# Wer kennt Helbi Fish ???



## R.G. aus Z. (24. Dezember 2016)

Moinsen

Bin beim vorweihnachtlichen Stöbern nach Pilkern und diversem "Kleinkram" bei 1-2-3 auf einen Pilker namens Speed Helbi Fish gestoßen.
Völlig neu für mich : aus A2 Edelstahl - Flachstahl mit Seitenflossen - mit 2 Einzelhaken - für lockere 20 € ( pro Stück !!! )
Irgendwie ist das Teil interessant - so als multifängiger Lieblingspilker, um nicht immer 10 Tonnen Metall mit auf den Kutter zu schleppen .

Ich habe davon noch nie etwas gehört und finde den Preis so abgehoben, daß ich neugierig geworden bin.

Hat jemand von Euch schon einmal etwas damit zu tun gehabt ?

Gruß Rainer

Nein, daß ist KEINE versteckte Promo oder Werbung ;-)

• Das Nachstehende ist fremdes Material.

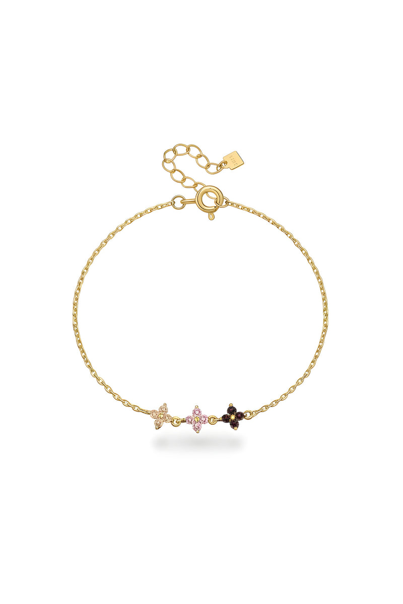 Jardin Secret Bileklik,altın kaplama üzerine yerleştirilmiş renkli cubic zirkon taşlı minik çiçek detaylarıyla tasarlanmıştır.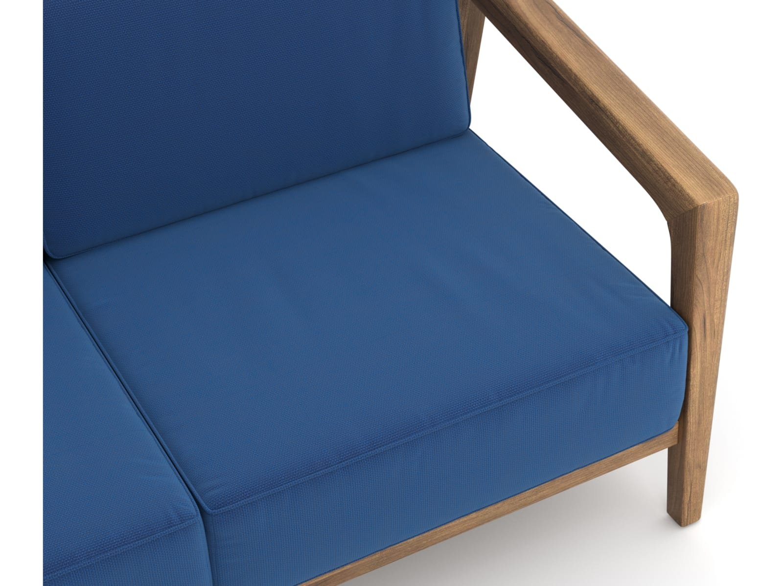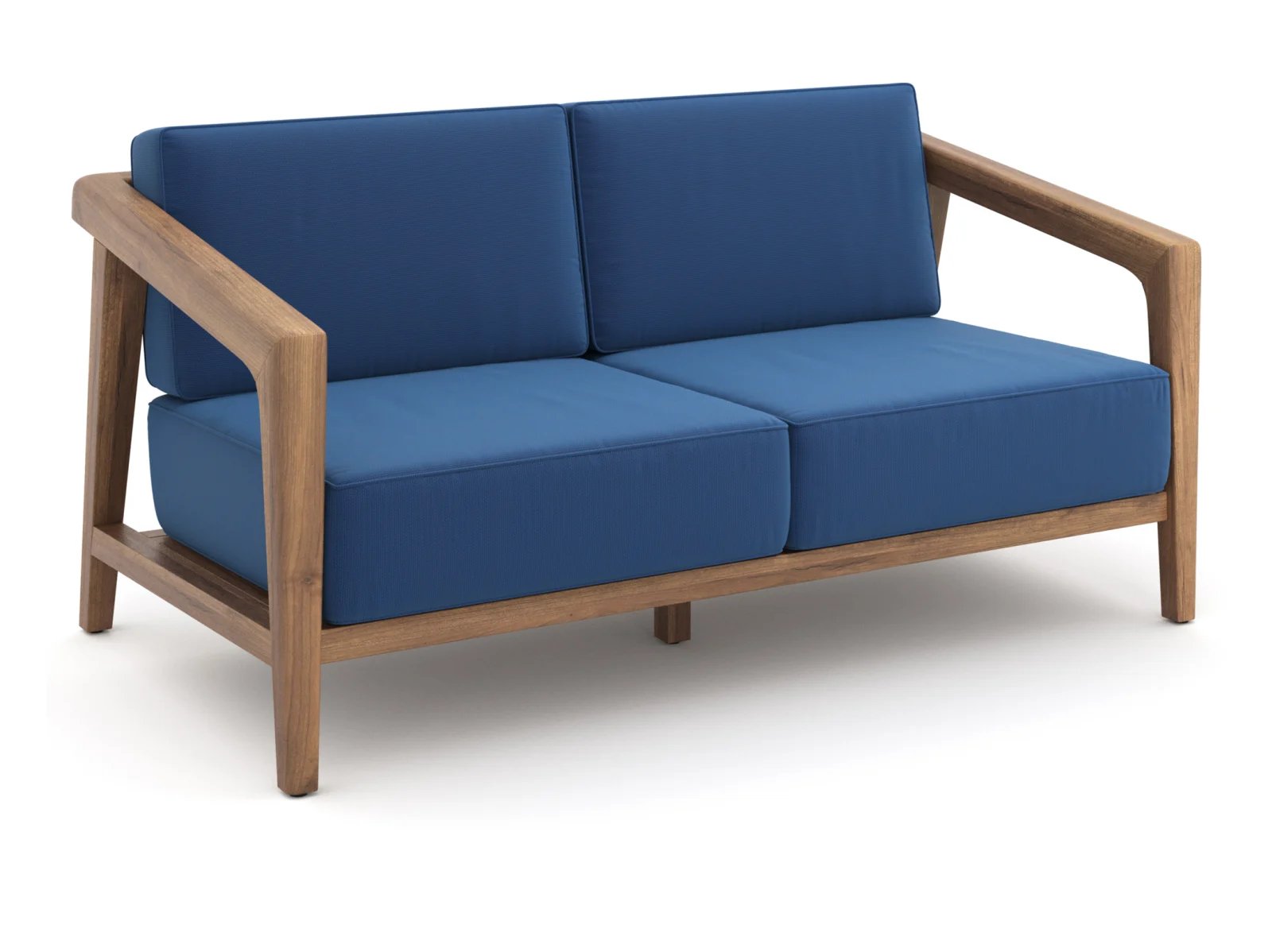 Introducing the Tryphena Patio Loveseat: a fusion of durability, comfort, and contemporary style, designed to elevate your outdoor living space. Crafted with care from FSC Certified, Eco-Friendly Eucalyptus solid wood, this loveseat is not only a statement of sustainability but also a testament to enduring quality. The color fast, weather-resistant fabric, made of solution dyed 100% Polyester, ensures vibrant hues that resist fading, mold, and moisture, keeping your loveseat looking fresh and inviting through all weather conditions. Sink into blissful comfort with the high-density, 12cm foam seat and back cushions, providing resilient support for hours of relaxation. Embrace modern sophistication with the loveseat’s angular shapes and light wood finishes, complemented by rich, dark blue fabric, setting the perfect ambiance for your outdoor sanctuary. Assembly is a breeze, taking approximately 20 minutes with clear instructions provided for your convenience. Elevate your outdoor lounging experience with the Tryphena Patio Loveseat, where durability meets contemporary elegance for unparalleled comfort and style.

P.S. Frohes Fest und kommt alle gesund ins neue Jahr !!!


----------



## Carptigers (24. Dezember 2016)

*AW: Wer kennt Helbi Fish ???*

Bleib beim Altbewährten.
Blitz
Eisele 
Wuttke
Speedy


----------



## offense80 (25. Dezember 2016)

*AW: Wer kennt Helbi Fish ???*

Und nicht zu vergessen die RoGe Pilker, hab ich selbst schon sehr erfolgreich gefischt. Aber ansonsten gebe ich Carptigers recht. Und ganz ehrlich.....20 Euro für einen Pilker...nee sorry ich bin zwar Angler, also auch verrückt, aber nicht Angler, also auch Millionär


----------



## R.G. aus Z. (25. Dezember 2016)

*AW: Wer kennt Helbi Fish ???*

Moinsen
Irgendwie erinnere ich mich an die guten alten DAM Chrompilker. In den 80er und 90ern hatten wir davon immer einige 150g - 250g - Geschosse im Eimer.  Z.T. mit einer rotschimmernden Seite.   Gibt es die überhaupt noch ???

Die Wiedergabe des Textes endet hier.